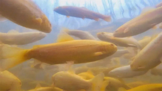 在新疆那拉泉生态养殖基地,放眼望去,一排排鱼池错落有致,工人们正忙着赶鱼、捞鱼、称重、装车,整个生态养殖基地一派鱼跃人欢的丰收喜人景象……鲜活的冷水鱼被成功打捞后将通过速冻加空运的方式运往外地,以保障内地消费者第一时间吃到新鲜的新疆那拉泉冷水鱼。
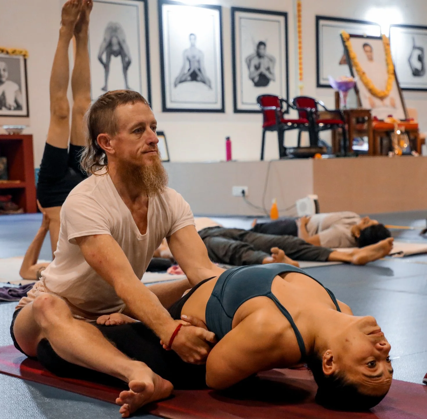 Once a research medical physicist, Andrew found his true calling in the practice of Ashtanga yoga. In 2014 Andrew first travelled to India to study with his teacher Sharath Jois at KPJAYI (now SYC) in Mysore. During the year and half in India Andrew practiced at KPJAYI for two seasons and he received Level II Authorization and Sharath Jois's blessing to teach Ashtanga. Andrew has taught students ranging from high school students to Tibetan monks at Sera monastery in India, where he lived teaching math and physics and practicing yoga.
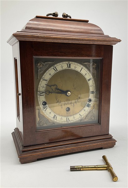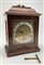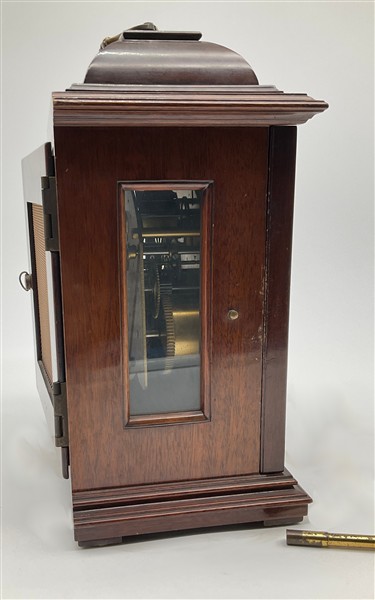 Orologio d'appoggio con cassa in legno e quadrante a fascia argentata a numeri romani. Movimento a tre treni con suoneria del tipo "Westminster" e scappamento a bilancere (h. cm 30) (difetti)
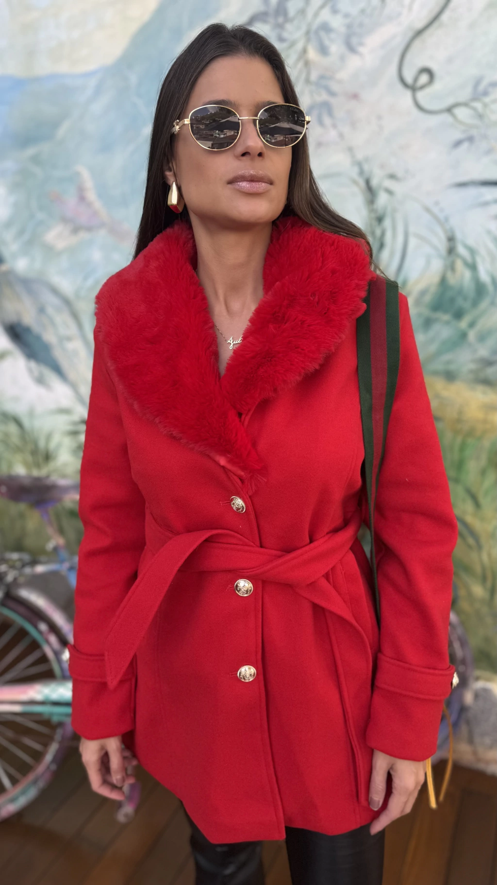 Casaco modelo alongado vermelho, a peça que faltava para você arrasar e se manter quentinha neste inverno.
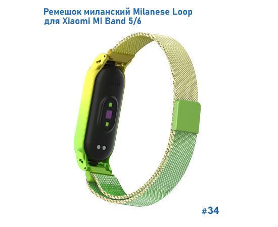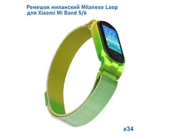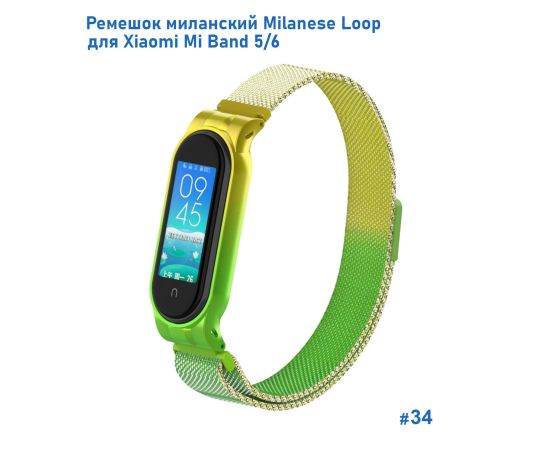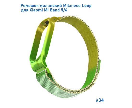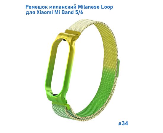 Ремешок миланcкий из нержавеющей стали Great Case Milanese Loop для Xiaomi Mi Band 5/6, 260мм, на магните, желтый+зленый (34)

...

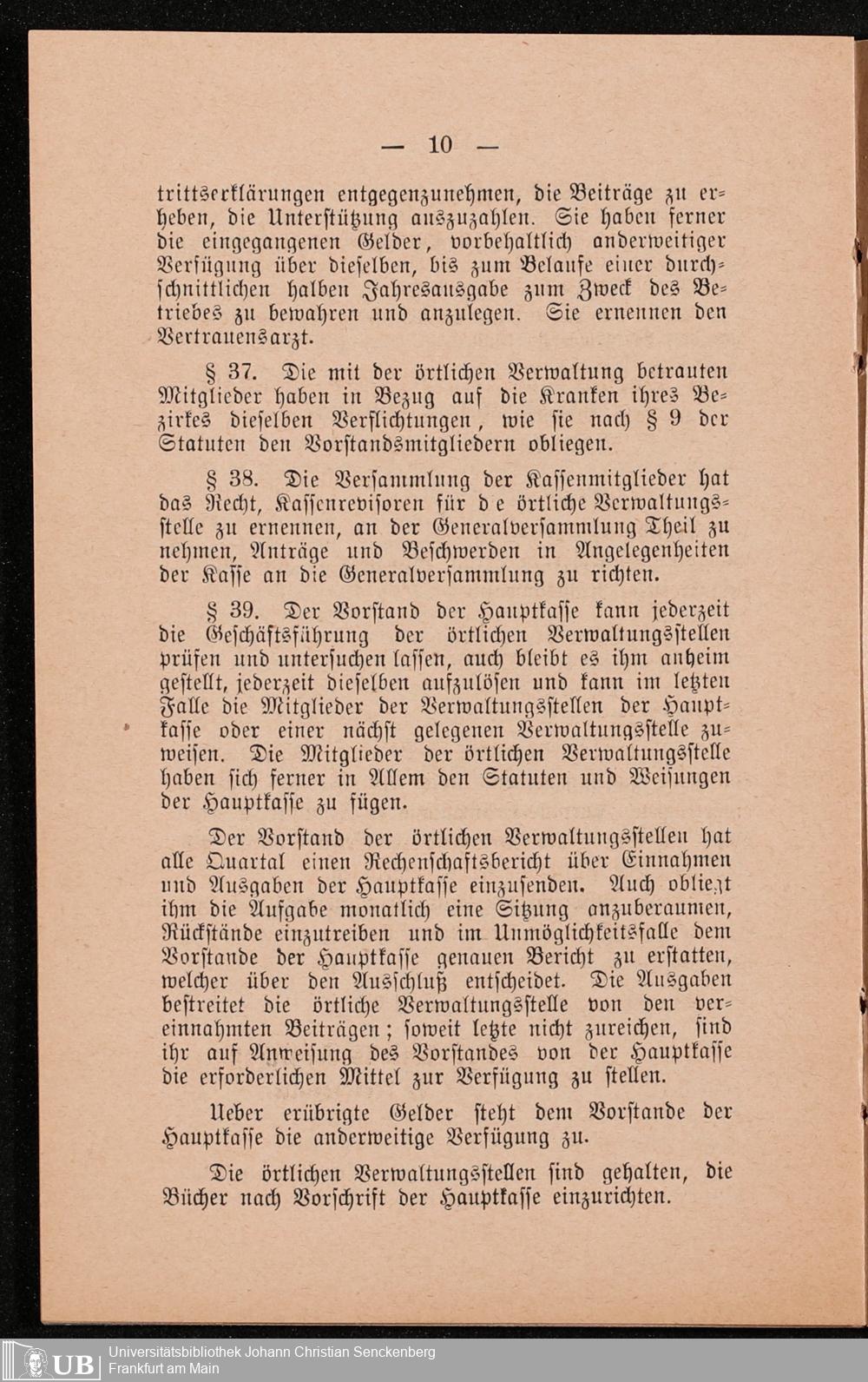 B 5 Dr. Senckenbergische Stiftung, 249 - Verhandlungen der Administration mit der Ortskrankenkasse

Goal of the exercise: Your reply is to be an exact repeat of the listing above from the line holding "在新疆那拉泉生态养殖基地,放" down to the line holding "Ремешок миланcкий из", ends included, pictures excluded.

Written solution:
 在新疆那拉泉生态养殖基地,放眼望去,一排排鱼池错落有致,工人们正忙着赶鱼、捞鱼、称重、装车,整个生态养殖基地一派鱼跃人欢的丰收喜人景象……鲜活的冷水鱼被成功打捞后将通过速冻加空运的方式运往外地,以保障内地消费者第一时间吃到新鲜的新疆那拉泉冷水鱼。
 Once a research medical physicist, Andrew found his true calling in the practice of Ashtanga yoga. In 2014 Andrew first travelled to India to study with his teacher Sharath Jois at KPJAYI (now SYC) in Mysore. During the year and half in India Andrew practiced at KPJAYI for two seasons and he received Level II Authorization and Sharath Jois's blessing to teach Ashtanga. Andrew has taught students ranging from high school students to Tibetan monks at Sera monastery in India, where he lived teaching math and physics and practicing yoga.
 Orologio d'appoggio con cassa in legno e quadrante a fascia argentata a numeri romani. Movimento a tre treni con suoneria del tipo "Westminster" e scappamento a bilancere (h. cm 30) (difetti)
 Casaco modelo alongado vermelho, a peça que faltava para você arrasar e se manter quentinha neste inverno.
 Ремешок миланcкий из нержавеющей стали Great Case Milanese Loop для Xiaomi Mi Band 5/6, 260мм, на магните, желтый+зленый (34)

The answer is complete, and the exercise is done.